Supplied records:
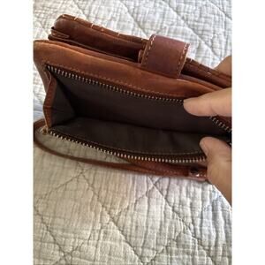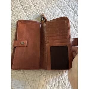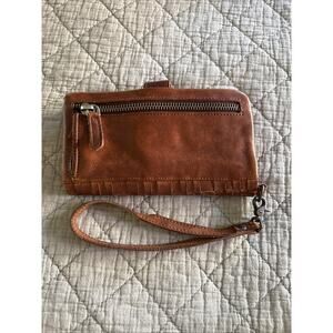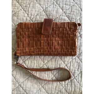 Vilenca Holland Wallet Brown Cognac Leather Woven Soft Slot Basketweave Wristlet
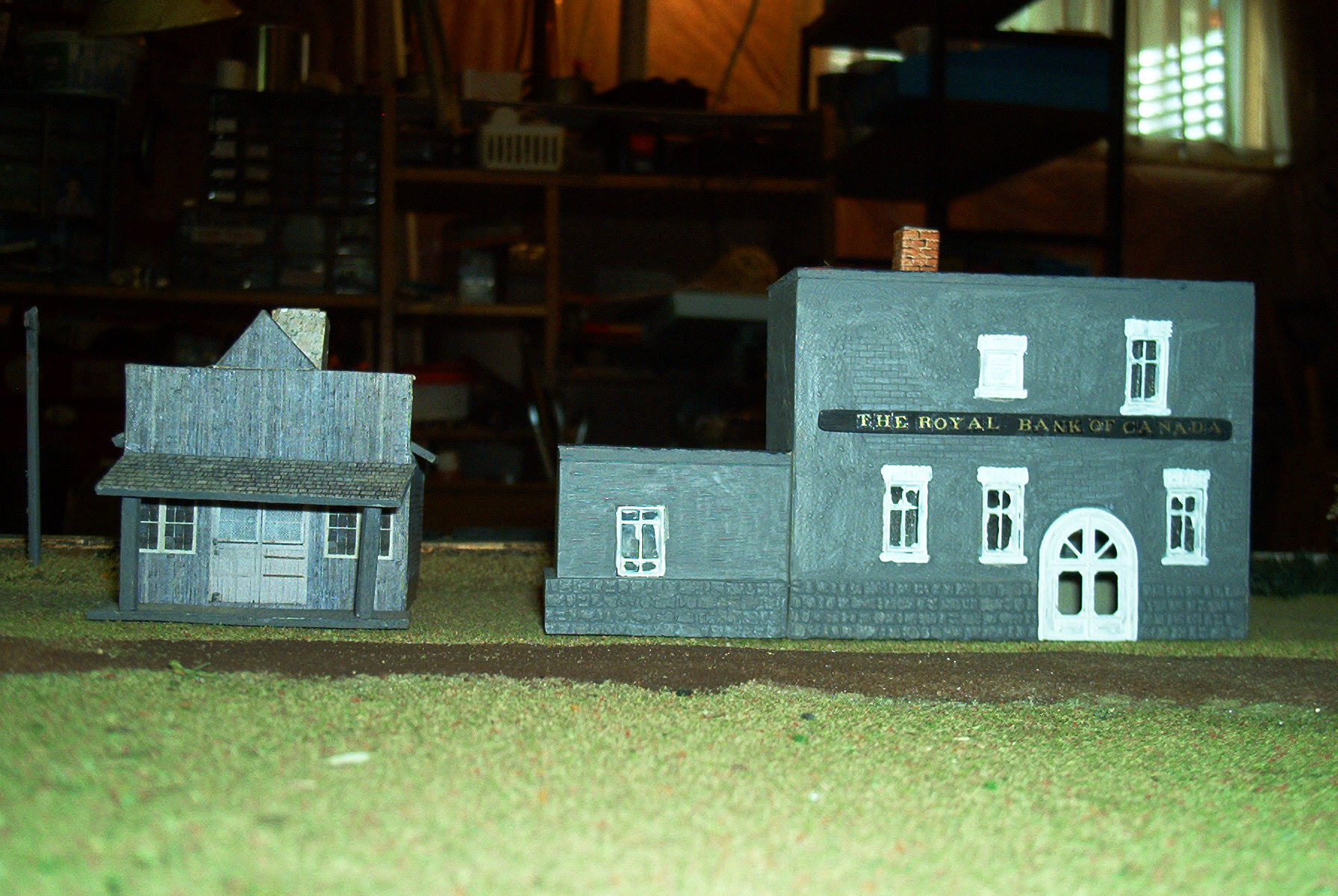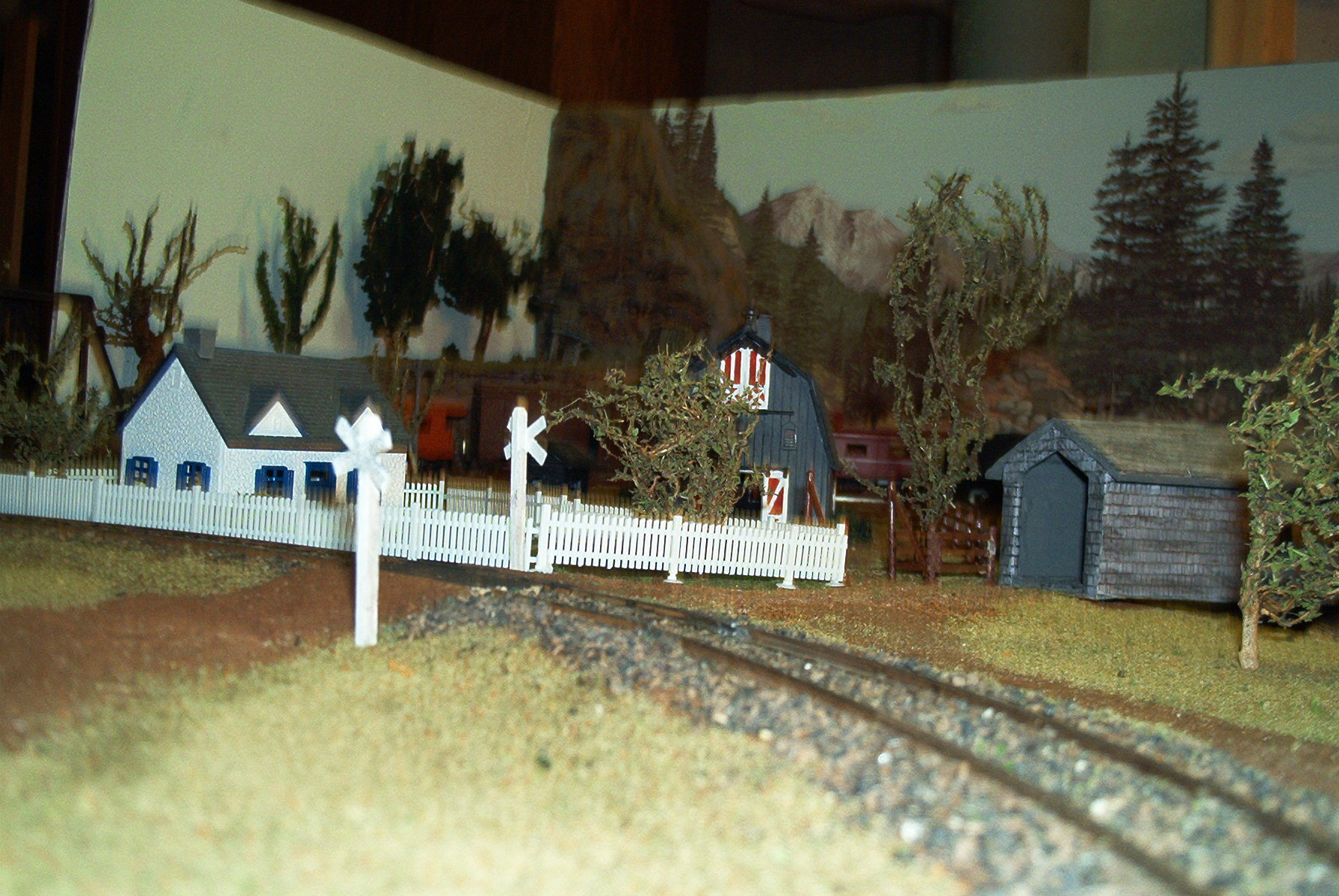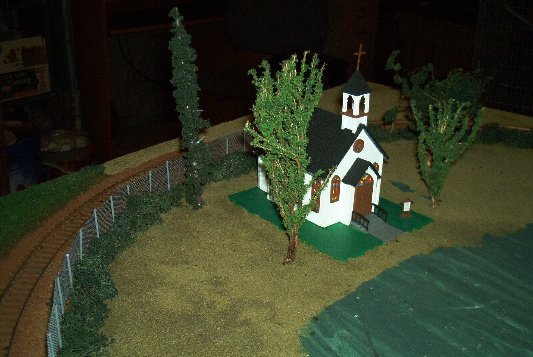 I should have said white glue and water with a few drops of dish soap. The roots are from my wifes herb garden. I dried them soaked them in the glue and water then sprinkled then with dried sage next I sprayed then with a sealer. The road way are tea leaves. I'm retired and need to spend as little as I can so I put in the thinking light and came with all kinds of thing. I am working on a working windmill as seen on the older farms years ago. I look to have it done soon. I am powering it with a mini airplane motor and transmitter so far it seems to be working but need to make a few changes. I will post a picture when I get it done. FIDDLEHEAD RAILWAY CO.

---

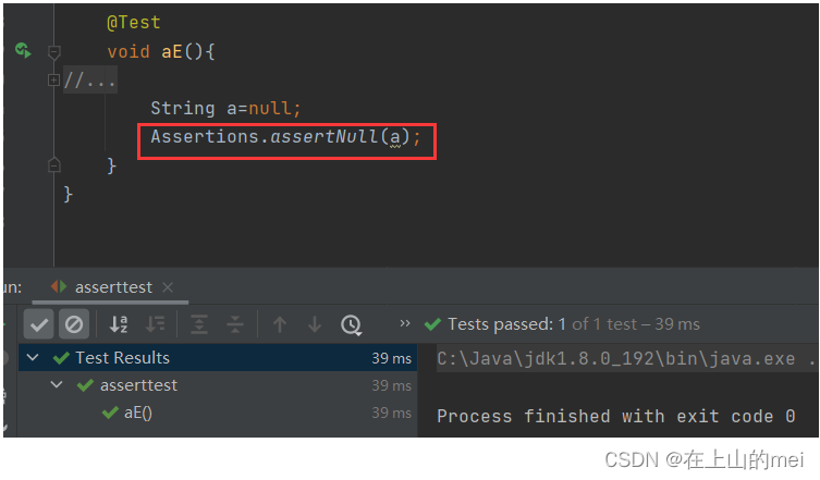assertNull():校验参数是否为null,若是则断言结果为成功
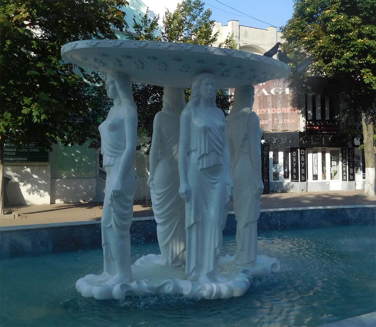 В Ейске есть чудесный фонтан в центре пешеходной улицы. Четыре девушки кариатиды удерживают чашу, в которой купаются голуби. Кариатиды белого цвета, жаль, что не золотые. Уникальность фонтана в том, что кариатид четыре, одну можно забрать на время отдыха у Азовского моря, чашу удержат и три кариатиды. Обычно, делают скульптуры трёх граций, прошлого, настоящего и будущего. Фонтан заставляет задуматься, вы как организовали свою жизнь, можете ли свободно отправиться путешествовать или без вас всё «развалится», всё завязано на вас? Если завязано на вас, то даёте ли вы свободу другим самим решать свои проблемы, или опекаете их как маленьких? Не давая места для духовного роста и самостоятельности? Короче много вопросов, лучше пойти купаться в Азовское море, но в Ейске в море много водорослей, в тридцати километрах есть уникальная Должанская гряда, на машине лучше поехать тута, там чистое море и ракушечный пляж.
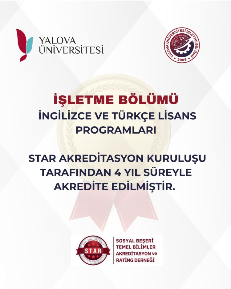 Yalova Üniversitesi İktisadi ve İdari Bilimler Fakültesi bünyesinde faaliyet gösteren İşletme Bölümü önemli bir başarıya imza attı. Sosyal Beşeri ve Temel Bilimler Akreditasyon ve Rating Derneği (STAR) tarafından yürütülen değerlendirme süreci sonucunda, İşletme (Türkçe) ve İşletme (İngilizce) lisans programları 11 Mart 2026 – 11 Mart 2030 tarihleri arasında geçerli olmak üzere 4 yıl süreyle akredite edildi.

Exercise description:
Begin at the line in the entries above that has "Vilenca Holland Wallet", stop after the line that has "I should have", and output exactly those lines without pictures.

Written answer:
 Vilenca Holland Wallet Brown Cognac Leather Woven Soft Slot Basketweave Wristlet
 I should have said white glue and water with a few drops of dish soap. The roots are from my wifes herb garden. I dried them soaked them in the glue and water then sprinkled then with dried sage next I sprayed then with a sealer. The road way are tea leaves. I'm retired and need to spend as little as I can so I put in the thinking light and came with all kinds of thing. I am working on a working windmill as seen on the older farms years ago. I look to have it done soon. I am powering it with a mini airplane motor and transmitter so far it seems to be working but need to make a few changes. I will post a picture when I get it done. FIDDLEHEAD RAILWAY CO.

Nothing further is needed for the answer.